---------- Data extract

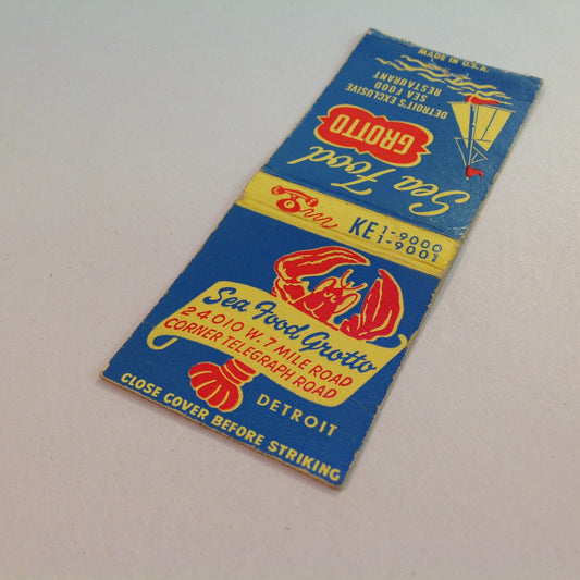 Vintage Matchbook Cover Sea Food Grotto Detroit's Exclusive Restaurant Telegraph Rd.
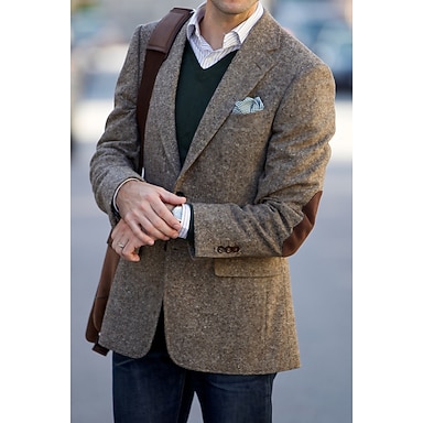 Herr Tweed -blazer Naggkrage Retro / vintage Klassisk Fiskben Blazer Brun Standardpassform Enkelknäppt tvåknappar
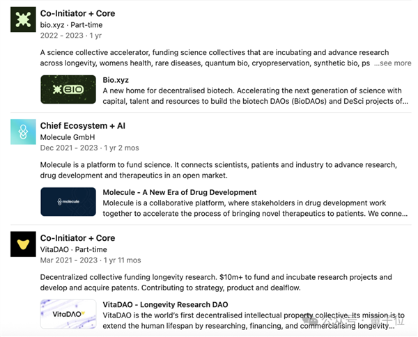 CEO Weisser担任核心成员的创业项目VitaDAO,Hagemann曾出任策略顾问。

--------------------

Where the line containing "Herr Tweed -blazer" appears above, start there and set down each line exactly through the last line of the data; leave out every picture.

Answer area:
 Herr Tweed -blazer Naggkrage Retro / vintage Klassisk Fiskben Blazer Brun Standardpassform Enkelknäppt tvåknappar
 CEO Weisser担任核心成员的创业项目VitaDAO,Hagemann曾出任策略顾问。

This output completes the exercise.